Figure. Example of a chain with synthetic data. An approximate MAP state is shown on the top-right.
This non-parametric generative model performs density estimation in arbitrary dimension using mixtures of Dirichlet processes (Escobar & West 1994, MacEachern 1994). It models a cloud of sample points using a mixture of multivariate normal distributions with an arbitrary number of components.
One can think of this approach as as alternative to kernel density estimation (KDE).It differs from KDE in that it is a clustering algorithm where sample points are assigned to mixture components and each mixture component has its own covariance matrix.
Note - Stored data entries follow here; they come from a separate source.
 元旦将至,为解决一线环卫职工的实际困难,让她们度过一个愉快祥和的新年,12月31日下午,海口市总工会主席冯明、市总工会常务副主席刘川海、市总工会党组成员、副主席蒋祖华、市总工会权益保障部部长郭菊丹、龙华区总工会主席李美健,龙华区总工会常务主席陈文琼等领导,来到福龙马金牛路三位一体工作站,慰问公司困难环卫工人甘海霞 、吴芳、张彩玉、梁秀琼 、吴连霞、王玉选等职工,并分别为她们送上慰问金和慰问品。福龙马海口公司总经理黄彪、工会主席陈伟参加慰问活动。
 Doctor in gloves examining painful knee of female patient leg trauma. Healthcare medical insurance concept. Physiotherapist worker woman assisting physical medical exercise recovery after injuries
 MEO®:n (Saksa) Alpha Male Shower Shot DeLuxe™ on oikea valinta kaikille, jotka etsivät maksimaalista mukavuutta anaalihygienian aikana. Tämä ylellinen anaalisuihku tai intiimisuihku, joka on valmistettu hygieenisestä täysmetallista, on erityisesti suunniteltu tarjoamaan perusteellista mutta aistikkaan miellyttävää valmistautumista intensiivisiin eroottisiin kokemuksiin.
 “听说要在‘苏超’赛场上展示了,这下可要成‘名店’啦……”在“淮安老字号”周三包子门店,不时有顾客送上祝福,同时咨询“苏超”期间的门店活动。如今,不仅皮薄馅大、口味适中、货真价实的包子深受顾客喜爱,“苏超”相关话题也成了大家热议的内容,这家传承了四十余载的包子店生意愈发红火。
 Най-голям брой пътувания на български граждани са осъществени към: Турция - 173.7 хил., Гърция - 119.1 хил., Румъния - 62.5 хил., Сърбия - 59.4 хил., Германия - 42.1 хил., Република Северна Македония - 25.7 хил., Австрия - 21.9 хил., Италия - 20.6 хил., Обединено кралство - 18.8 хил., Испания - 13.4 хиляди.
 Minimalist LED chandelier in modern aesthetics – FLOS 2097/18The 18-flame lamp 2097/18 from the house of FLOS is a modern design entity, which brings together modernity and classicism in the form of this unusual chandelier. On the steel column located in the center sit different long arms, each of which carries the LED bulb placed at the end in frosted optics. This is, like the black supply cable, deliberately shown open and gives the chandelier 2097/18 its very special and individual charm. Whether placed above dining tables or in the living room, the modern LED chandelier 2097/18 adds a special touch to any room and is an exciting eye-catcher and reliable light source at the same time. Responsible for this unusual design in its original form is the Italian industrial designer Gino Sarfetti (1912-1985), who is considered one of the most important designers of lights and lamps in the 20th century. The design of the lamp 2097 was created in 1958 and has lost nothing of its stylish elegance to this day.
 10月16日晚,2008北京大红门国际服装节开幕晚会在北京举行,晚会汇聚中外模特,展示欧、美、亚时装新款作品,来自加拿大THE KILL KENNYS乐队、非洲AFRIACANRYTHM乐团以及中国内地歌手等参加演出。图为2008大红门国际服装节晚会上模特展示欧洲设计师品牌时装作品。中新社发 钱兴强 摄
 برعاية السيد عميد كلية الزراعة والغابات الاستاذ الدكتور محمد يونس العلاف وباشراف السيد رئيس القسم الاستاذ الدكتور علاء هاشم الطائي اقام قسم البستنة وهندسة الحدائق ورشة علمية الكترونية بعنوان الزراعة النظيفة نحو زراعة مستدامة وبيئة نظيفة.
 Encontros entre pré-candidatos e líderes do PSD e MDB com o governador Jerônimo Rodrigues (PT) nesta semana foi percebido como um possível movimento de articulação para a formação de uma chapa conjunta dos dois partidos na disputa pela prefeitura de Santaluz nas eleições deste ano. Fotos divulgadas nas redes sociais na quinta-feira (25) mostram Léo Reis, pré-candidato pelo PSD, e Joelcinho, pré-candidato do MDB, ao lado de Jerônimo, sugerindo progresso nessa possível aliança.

This latter property can be thought of as a more flexible generalization of the bandwidth in KDE.
One salient feature of the model is that, as mentionned above, the number of mixture components is arbitrary and itself a distribution infered from the data and so is the covariance matrix of each component.
The model uses a non-parametric Chinese Restaurant Process (CRP) prior (Aldous 1983) over partitions of the sample points, i.e. over both the number of mixture components and over the assignments of sample points to those components. For the base distribution of the CRP we use the Normal-Inverse-Wishart (NIW) distribution given that it is the conjugate prior to our data likelihood the multivariate normal distribution with unknown mean and covariance. Conjugacy is desirable because it greatly simplifies the accompanying algorithm.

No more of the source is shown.